What did you do to the muffler? I have seen one way so far. I just ran mine today!
Took a die grinder to the baffle plate under the deflecter. Removed about 3/4's of the shield(baffle) to let exhaust out quicker and with less restriction. Tried removing the baffle plate, but I thought it allowed exhaust to come up and hit more on the chainbrake handle.
If this makes no sense I can try to get some pics, but if you look into it I think you'll see what I did.
 
When I muffler modded mine I only drilled a 1/2" hole in the flat spot under the deflector next to the tube.seems like all it done was create a flat spot at wot that I cant tune out.i'm gonna go a little bit more on opening it up soon.also going to measure the squish and see if its possible to ditch the base gasket.
 
I pulled the base gasket on my 600p and put it back together with motoseal.
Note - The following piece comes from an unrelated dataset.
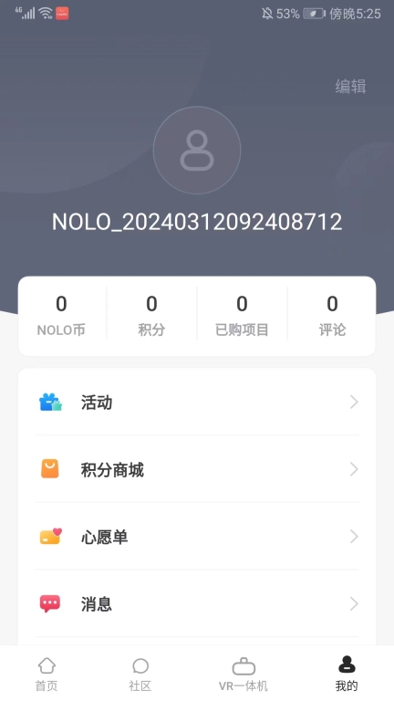 6、在我的界面中,您可以查看当前用户的NOLO币、积分以及平台活动和积分商城等相关内容。以上就是NOLO助手安卓版的使用方法。

I didn't see much of a difference. I only gained about 10 psi of compression with no noticeable gain in response or power. I don't remember exactly what the squish was after I removed the gasket but it still had 0.030+ of clearance. I ran it a while like that then decided to open up the muffler a bit which turned out to be not such a great idea.

I ended up with a flat spot on the top end as well. Seems like this motor needs a fair amount of back pressure to run right on the top end. I've replaced the base gasket and will end up brazing closed what I ground out on the muffler.

If I could do it over I would just remove the baffle plate under the exhaust deflector, trim the limiter tabs and run it. But you don't know till you try. :)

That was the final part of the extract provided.